First of all, no one wants to file bankruptcy. It is an urban legend that people who file bankruptcy are doing so lightly ..they are not. But, if you are driving down the road thinking about the money issues and you hear the advertisements for debt consolidation sounds like a good thing.The Great Recession is still plaguing many of us. News outlets are reporting that jobs aren't being created and that the only reason unemployment claims are down is that for many, their benefits are exhausted. With all these stressors, one might think people would be flocking to bankruptcy protection in droves.In proportion to the economy, the upswing in bankruptcy filings has been fairly modest.

Is debt consolidation ever a good idea?

The question I ask is: Will the borrowers have a lower monthly payment over the next five years in their proposed debt consolidation than in bankruptcy Chapter 13 ? If the answer is yes, they should consider debt consolidation. If they may be unable to qualify for Ch. 7 or 13 (i.e would have to be in a Ch. 11!) or for other reasons bankruptcy would have serious and unwelcome consequences like sacrificing property the borrowers own, they should consider debt consolidation. Disqualifying factors can be that the borrowers are over the debt limit for a Ch. 13. Yes, there is a debt limit for Ch. 13. Two limits, actually; one for secured debt and one for unsecured. [Chapter 7 has no debt limit.] Those are the two conditions under which I refer a potential bankruptcy client to a debt consolidator. Otherwise, typically a Ch. 7 bankruptcy gives the client a fresh start, and the problem can be solved years earlier than other options.

Bankruptcy-Chapter 7 VS Chapter 13

Chapter 13 bankruptcy usually runs five years, which is about the same or longer than debt consolidation. This type of bankruptcy provides you protection from creditors while the outstanding debt is settled through a repayment plan. It can be used to halt home foreclosure. Filing Chapter 13 is sometimes called the home-saver bankruptcy. Depending on what the debts are for, the court may reduce the amount repaid to some creditors. However, once the creditors have received the agreed upon payment via the court, the debt is considered paid in full. This will mean that your credit rating will stay low for the period of time of the Chapter 13 length. Furthermore, Chapter 13 requires a monthly repayment of 100% of your disposable monthly income.
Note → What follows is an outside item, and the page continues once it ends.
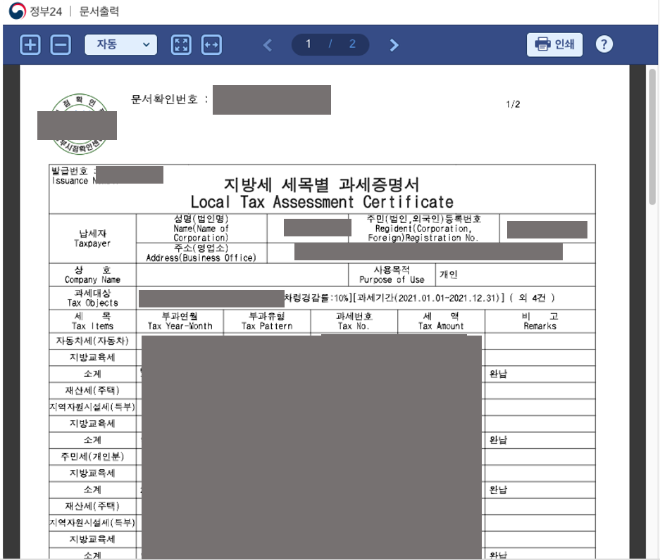 참고로, 지방세 세목별 과세 증명서란 지방에 거주하는 사람에게 부과된 세금 내역을 포함하는 문서이며, 세부적인 항목에 따라 납세한 사실증명을 위해 필요한 증명서를 의미합니다. 지방세는 종류에 따라 취득세, 등록세, 자동차세 등 여러 가지로 나뉘고, 해당 내용을 증명서로 발급 가능합니다.

Chapter 7 bankruptcy is shorter, less complicated, and less expensive. It allows you to have all of your unsecured debt wiped clean. The process usually takes no more than three months and it is the most common type of bankruptcy. Compared to Chapter 13, which takes three to five years, Chapter 7 is the best option for those who qualify. Furthermore, Chapter 13 requires a monthly repayment of 100% of your disposable monthly income. A “fresh start” or “clean slate”, Chapter 7 is a form of bankruptcy designed to let people (and sometimes businesses) get out of debt without repaying any of the “unsecured” creditors. While Chapter 7 also requires the person(s) filing go turn over to the bankruptcy trustee all “non-exempt” assets, skilled planning with an experienced bankruptcy lawyer can usually ensure all the filer’s assets are exempt (i.e., the filer gets to keep the property.)

With Chapter 7, the Court, not the creditors, decides whether any assets should be sold to pay creditors. While there is both an art and a science to actually completing the documents to be filed in a Chapter 7, much greater skill is needed to plan for minimum loss to the person filing. If the person filing Chapter 7 can’t pay reasonably necessary living expenses and pay something to the unsecured creditors, the Chapter 7 filer should sail through the process pretty smoothly. However, with Chapter 7, Debt consolidation cannot even do this.